= John Brekell =

English presbyterian minister and theological writer

John Brekell (1697–1769) was an English presbyterian minister and theological writer.

==Life==
Brekell was born at North Meols, Lancashire, in 1697, and was educated for the ministry at Nottingham, at the dissenting academy of John Hardy. His first known settlement was at Stamford, Lincolnshire, apparently as assistant, but he did not stay long. He went to assist Christopher Bassnett at Kaye Street, Liverpool, 1729. Joshua Toulmin prints a letter (dated Liverpool, 3 December 1730) from Brekell to Rev. Thomas Pickard of Birmingham, showing that Brekell had been asked to Birmingham, but had 'handsome encouragement to continue' where he was. The date, April 1732, given by James Martineau, may be that of Brekell's admission to the status of a colleague after ordination.

On Bassnett's death on 22 July 1744 Brekell became sole pastor. His ministry covers the period between the rise of the evangelical liberalism of Philip Doddridge (his correspondent, and the patron of his first publication), and the avowal of Socinianism by Joseph Priestley, to whose Theological Repository he contributed in the last year of his life.
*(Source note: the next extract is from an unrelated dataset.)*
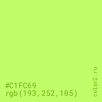 Цвет #C1FC69 в цветовой модели RGB обозначается тремя октетами (193, 252, 105) в десятичном формате и #C1FC69 в шестнадцатиричном (hex) формате, которые являются интенсивностью красного 193 (hex C1), интенсивность зелёного 252 (hex FC) и интенсивность синего 105 (hex 69).
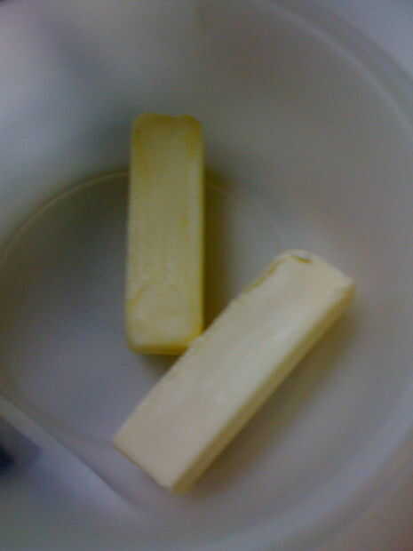Tomar tus 2 barras de mantequilla y dejarlas sentarse sin envolver en su tazón hasta que llegan a temperatura ambiente. También puede indicar cuando la mantequilla empieza a ser suave. Esto tomará algún tiempo. Bien después de que usted consiga precalentar el horno a 350.

Brekell, though his later treatment of the atonement shows Socinian influence, stood firm on the person of Christ. In his sermons he makes considerable use of his classic literature. Nathaniel Lardner quotes him as a critic of the ante-Nicene writers.
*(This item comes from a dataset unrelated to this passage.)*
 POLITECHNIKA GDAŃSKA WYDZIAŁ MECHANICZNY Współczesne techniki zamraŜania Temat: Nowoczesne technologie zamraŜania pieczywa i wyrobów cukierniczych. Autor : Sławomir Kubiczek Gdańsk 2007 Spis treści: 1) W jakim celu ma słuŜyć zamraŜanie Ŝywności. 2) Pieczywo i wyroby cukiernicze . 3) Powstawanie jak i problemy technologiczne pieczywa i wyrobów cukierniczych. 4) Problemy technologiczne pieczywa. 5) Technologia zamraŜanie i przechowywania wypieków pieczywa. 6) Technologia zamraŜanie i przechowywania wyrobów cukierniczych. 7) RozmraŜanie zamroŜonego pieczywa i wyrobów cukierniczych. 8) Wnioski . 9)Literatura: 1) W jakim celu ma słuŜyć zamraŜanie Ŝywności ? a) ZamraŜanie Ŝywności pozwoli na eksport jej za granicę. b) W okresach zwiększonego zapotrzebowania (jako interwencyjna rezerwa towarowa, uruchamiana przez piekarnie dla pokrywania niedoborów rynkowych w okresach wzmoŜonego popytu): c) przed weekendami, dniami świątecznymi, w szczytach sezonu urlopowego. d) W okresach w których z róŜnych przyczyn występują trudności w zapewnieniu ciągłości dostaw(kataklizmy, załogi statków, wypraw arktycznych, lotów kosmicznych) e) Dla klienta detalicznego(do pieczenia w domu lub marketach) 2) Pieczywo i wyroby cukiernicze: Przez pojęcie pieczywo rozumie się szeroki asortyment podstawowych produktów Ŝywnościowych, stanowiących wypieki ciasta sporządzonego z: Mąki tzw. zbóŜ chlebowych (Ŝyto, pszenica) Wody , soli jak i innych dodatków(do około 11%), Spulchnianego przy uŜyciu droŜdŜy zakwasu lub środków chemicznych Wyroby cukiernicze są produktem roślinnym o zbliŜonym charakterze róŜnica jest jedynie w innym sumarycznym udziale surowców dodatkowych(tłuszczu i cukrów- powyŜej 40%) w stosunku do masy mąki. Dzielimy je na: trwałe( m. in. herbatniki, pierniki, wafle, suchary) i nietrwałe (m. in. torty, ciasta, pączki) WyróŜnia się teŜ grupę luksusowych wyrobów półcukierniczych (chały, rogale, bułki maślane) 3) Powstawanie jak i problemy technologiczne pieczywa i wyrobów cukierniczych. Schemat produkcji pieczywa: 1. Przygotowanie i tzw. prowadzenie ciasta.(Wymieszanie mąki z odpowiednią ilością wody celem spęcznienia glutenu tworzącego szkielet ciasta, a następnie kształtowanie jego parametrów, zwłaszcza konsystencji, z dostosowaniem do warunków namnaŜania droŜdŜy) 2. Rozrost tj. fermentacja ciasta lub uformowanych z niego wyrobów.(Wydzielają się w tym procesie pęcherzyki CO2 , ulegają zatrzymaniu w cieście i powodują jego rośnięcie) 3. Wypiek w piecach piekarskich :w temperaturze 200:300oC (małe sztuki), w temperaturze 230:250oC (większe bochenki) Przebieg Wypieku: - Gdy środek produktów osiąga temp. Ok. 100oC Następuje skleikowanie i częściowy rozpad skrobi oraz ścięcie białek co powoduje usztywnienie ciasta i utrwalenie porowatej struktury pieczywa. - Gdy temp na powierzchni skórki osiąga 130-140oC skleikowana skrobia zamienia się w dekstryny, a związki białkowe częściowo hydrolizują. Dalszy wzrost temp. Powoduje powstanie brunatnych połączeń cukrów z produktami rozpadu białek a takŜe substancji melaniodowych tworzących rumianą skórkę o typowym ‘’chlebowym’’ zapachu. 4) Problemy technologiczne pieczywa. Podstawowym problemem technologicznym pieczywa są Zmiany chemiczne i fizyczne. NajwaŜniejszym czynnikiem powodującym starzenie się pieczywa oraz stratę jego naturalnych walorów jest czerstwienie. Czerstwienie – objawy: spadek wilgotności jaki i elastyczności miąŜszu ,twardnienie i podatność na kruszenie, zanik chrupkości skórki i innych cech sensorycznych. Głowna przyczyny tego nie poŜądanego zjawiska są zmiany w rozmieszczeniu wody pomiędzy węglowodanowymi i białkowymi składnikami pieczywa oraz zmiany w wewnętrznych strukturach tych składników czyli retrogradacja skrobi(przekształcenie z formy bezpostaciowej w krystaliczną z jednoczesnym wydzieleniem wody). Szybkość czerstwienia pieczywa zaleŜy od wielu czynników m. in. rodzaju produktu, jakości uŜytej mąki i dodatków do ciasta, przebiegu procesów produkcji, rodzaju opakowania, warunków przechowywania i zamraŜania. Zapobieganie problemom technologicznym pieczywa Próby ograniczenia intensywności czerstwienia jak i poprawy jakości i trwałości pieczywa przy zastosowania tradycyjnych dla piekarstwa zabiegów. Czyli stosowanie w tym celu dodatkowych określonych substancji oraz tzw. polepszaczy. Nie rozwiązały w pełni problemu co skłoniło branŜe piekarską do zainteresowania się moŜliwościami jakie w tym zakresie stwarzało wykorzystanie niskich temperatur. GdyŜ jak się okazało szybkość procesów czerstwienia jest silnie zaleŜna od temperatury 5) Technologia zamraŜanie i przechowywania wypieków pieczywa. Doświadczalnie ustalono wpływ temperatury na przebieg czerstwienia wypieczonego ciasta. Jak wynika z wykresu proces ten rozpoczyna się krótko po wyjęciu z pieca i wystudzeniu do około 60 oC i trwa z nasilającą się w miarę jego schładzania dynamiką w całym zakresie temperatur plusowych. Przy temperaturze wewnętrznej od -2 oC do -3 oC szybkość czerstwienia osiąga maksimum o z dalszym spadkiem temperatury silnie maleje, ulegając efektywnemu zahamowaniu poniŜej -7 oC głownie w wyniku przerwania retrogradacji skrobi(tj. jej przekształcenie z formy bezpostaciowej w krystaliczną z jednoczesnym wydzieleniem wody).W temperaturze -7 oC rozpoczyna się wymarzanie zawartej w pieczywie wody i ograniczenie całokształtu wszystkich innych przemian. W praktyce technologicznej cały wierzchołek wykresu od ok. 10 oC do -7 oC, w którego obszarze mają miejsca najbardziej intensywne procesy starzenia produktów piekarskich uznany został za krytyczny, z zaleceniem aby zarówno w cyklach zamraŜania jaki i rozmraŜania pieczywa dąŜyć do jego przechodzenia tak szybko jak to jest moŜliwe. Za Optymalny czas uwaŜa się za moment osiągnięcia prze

There arose a burning question among Liverpool presbyterians in reference to a form of prayer. At length a section of the Liverpool laity, holding what they termed "free" views in theology, built the Octagon Chapel, printed a Form of Prayer and a new Collection of Psalms, 1763 (the Liverpool Liturgy, as it became known) and brought in a minister from London. The leading spirit in this movement was Thomas Bentley, Wedgwood's partner. His manuscript correspondence deals with Brekell, whom he treats as representing the "presbyterian hierarchy". Brekell did all he could by pamphlets in 1762 to show the inexpediency of forms of prayer. The new chapel was sold to a Liverpool clergyman on 25 February 1776. Brekell died on 28 December 1769. He married, on 11 November 1736, his wife's name being Elizabeth, and had five children.

==Works==
His first publication was The Christian Warfare … a Discourse on making our Calling and Election sure; with an Appendix concerning the Persons proper to be admitted to the Lord's Supper, 1742. Following the example of his predecessor, he preached and published a sermon to sailors, Euroclydon, or the Dangers of the Sea considered and improved, &c. (Acts xxvii.), 1744. Then came Liberty and Loyalty, 1746, (a Hanoverian pamphlet).
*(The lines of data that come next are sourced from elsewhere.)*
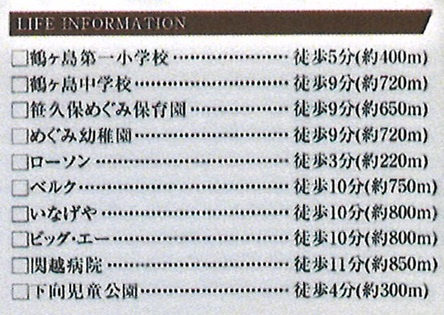 | 学区 | 小学校区:鶴ヶ島市立鶴ヶ島第一小学校 400m 中学校区:鶴ヶ島市立鶴ヶ島中学校 720m |
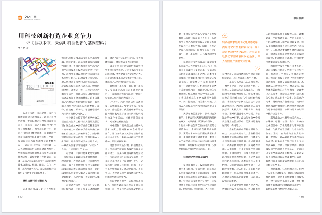 书中提到“竞争是企业的精神力量和物质力量凝聚在产品中的较量”,这句话代表了天俱时所拥有的卓越企业文化以及精益求精的工程师精神,是其制胜法宝。
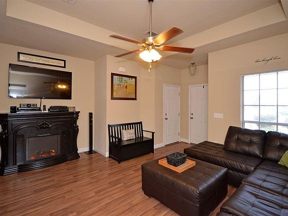 Immaculate one owner home ready to move into. Wonderful open living room features beautiful wood laminate flooring, recessed ceiling and ceiling fan. Living room opens up to the kitchen which includes breakfast bar, custom tile flooring with inlay and back splash. Kitchen also has staggered cabinets with crown molding, pantry, recessed lighting and easy access to the covered back patio. The custom tile flows down the hall to the Guest bath room. Laundry room is just down from the kitchen and includes a washer and dryer. Two additional bedrooms with like new carpet replaced just one year ago, both bedrooms also have spacious closets with double doors. Master bed room is light and bright with wood laminate flooring, recessed ceiling and ceiling fan. Master bath features double sink vanity and a spacious walk in closet. Outside you will find a nice covered patio, privacy fenced back yard with a custom fire pit. This is a great home with everything you need, just waiting for a new family. Don't miss this opportunity to purchase this amazing home. Make your appointment today.

The Divine Oracles, or the Sufficiency of the Holy Scriptures, &c., 1749, is a reply to a work by Thomas Deacon, M.D., of Manchester, a nonjuring bishop. At this date (see pp. 72, 74) Brekell sides with Athanasius against the Arians. He published also on Holy Orders, 1752, and two tracts in vindication of Paedobaptism, 1753 and 1755. Brekell's name appears among the subscribers to a work by Whitfield, a Liverpool printer and sugar refiner, who had left the presbyterians, entitled A Dissertation on Hebrew Vowel-points. After Whitfield's lapse, Brekell wrote An Essay on the Hebrew Tongue, being an attempt to shew that the Hebrew Bible might be originally read by Vowel Letters without the Vowel Points, 1758, 2 pts (1763).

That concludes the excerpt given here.